● **ACTIVITY**: Repeat only the stretch of lines below that runs from the line with "宜婴 梦想家 婴儿拉拉裤" through the line with "한눈에 자산 확인 가능 |", unaltered.

● **MATERIALS PROVIDED**:
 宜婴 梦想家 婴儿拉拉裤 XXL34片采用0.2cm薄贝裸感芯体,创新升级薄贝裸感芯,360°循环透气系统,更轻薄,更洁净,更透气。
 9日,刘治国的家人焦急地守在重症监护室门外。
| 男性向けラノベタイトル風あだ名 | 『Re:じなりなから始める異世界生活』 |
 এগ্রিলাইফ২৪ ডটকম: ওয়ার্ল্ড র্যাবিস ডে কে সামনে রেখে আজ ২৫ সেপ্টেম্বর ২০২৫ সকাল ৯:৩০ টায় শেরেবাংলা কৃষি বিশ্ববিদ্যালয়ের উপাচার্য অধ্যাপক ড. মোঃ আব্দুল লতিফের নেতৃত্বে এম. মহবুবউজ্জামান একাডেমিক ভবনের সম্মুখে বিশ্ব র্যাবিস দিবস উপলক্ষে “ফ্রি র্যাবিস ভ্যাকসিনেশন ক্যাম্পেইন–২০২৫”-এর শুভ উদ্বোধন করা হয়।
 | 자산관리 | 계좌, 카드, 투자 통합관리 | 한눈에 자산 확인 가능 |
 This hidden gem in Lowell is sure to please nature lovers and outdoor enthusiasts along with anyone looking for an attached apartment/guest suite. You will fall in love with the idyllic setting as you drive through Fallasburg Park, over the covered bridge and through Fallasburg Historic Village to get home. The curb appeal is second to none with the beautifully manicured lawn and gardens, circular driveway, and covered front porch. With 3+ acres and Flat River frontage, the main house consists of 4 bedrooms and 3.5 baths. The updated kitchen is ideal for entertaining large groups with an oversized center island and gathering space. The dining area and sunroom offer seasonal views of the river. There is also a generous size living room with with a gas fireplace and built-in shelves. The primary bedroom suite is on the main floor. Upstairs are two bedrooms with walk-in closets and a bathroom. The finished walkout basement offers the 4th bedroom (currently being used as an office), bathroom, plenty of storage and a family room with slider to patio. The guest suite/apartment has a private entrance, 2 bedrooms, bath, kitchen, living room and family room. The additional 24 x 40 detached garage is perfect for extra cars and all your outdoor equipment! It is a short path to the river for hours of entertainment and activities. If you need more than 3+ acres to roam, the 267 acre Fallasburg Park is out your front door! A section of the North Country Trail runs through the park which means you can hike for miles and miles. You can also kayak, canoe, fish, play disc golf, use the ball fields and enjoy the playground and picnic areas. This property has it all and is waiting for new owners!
---
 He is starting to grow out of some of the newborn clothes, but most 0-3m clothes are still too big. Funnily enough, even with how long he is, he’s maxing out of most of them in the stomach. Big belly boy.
...
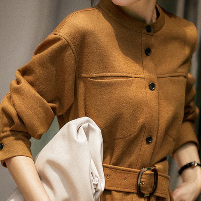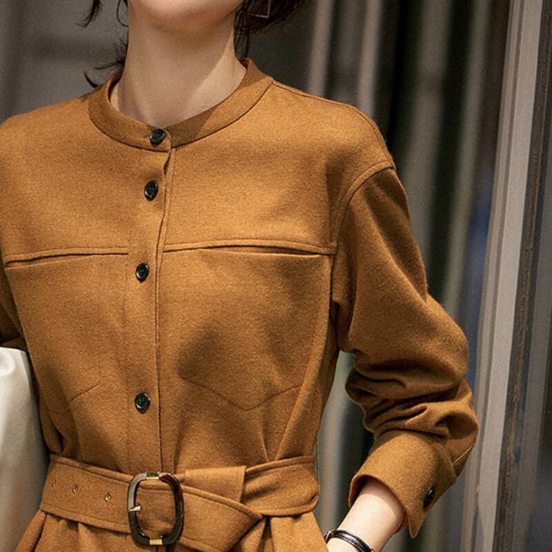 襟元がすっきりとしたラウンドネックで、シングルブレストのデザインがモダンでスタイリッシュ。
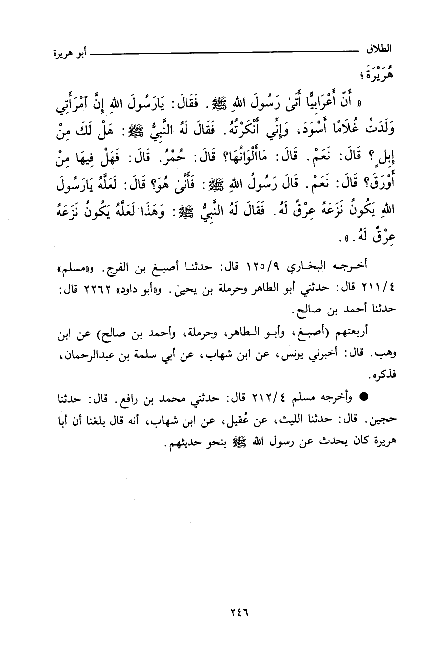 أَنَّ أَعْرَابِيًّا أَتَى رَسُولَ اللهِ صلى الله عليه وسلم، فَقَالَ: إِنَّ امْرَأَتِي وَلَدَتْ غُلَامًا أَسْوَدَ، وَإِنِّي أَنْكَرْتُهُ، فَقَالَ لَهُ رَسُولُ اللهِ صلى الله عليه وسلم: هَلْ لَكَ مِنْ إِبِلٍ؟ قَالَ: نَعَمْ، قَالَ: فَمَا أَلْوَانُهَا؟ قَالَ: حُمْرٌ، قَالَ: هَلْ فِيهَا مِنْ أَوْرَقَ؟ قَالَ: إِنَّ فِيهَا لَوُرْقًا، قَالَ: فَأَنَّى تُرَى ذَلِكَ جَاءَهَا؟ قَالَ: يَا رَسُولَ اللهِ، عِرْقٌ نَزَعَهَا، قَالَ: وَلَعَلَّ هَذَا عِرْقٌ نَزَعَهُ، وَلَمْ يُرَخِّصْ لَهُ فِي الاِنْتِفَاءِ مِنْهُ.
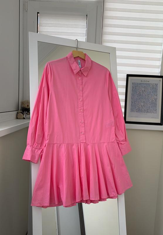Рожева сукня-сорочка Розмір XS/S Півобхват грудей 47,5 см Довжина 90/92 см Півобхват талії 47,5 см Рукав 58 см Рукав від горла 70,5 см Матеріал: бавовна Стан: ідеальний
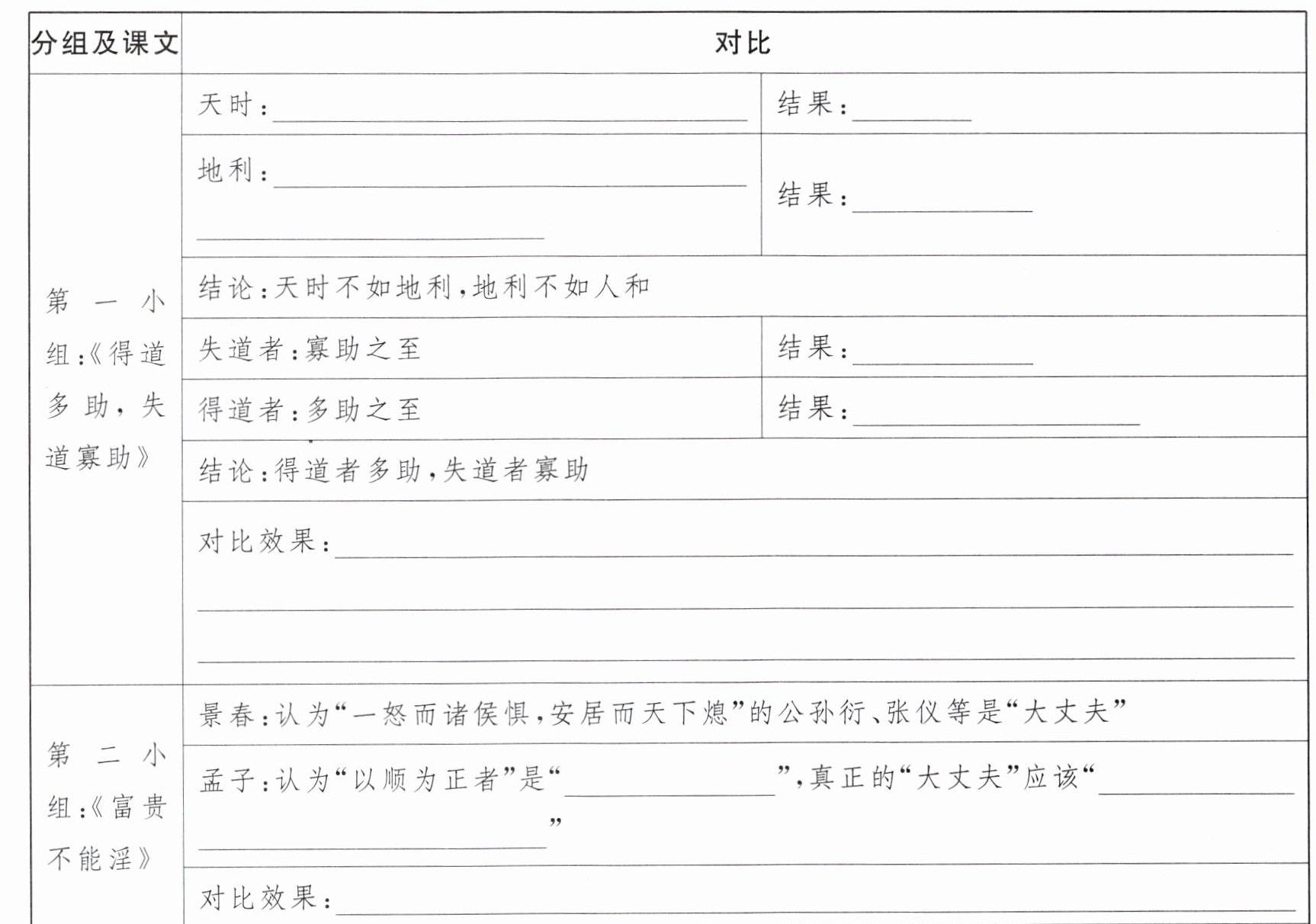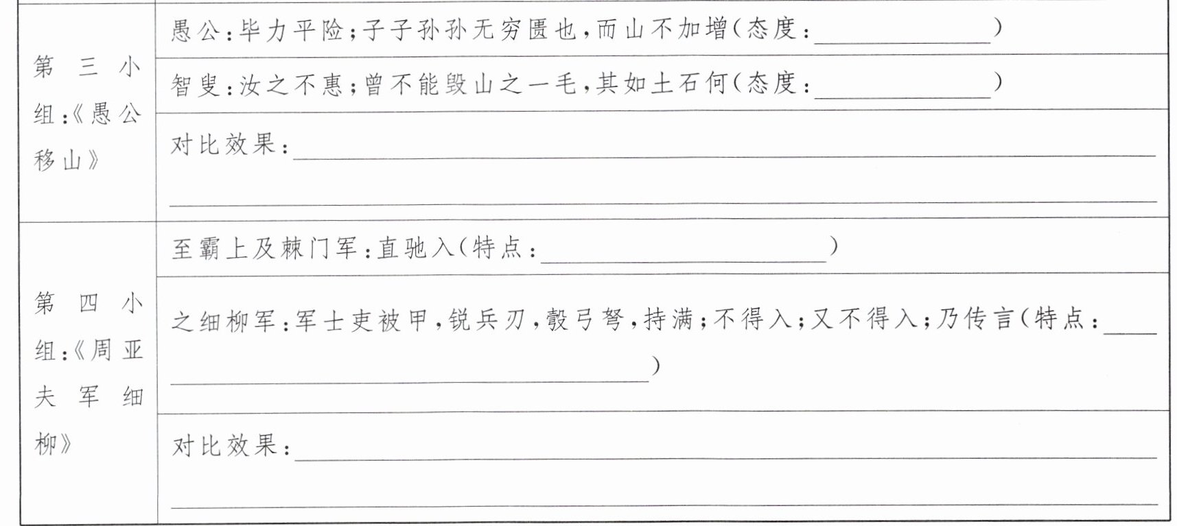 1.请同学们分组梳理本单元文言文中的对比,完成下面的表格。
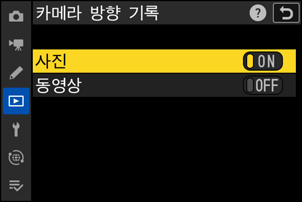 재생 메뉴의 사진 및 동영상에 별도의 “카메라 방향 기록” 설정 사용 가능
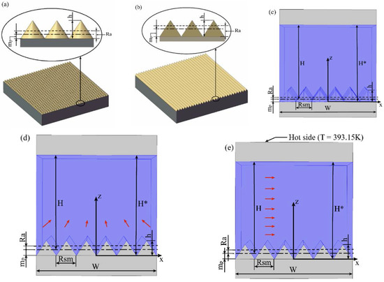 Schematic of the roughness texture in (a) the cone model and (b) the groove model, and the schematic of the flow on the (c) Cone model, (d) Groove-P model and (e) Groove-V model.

● **ANSWER SECTION**:
 宜婴 梦想家 婴儿拉拉裤 XXL34片采用0.2cm薄贝裸感芯体,创新升级薄贝裸感芯,360°循环透气系统,更轻薄,更洁净,更透气。
 9日,刘治国的家人焦急地守在重症监护室门外。
| 男性向けラノベタイトル風あだ名 | 『Re:じなりなから始める異世界生活』 |
 এগ্রিলাইফ২৪ ডটকম: ওয়ার্ল্ড র্যাবিস ডে কে সামনে রেখে আজ ২৫ সেপ্টেম্বর ২০২৫ সকাল ৯:৩০ টায় শেরেবাংলা কৃষি বিশ্ববিদ্যালয়ের উপাচার্য অধ্যাপক ড. মোঃ আব্দুল লতিফের নেতৃত্বে এম. মহবুবউজ্জামান একাডেমিক ভবনের সম্মুখে বিশ্ব র্যাবিস দিবস উপলক্ষে “ফ্রি র্যাবিস ভ্যাকসিনেশন ক্যাম্পেইন–২০২৫”-এর শুভ উদ্বোধন করা হয়।
 | 자산관리 | 계좌, 카드, 투자 통합관리 | 한눈에 자산 확인 가능 |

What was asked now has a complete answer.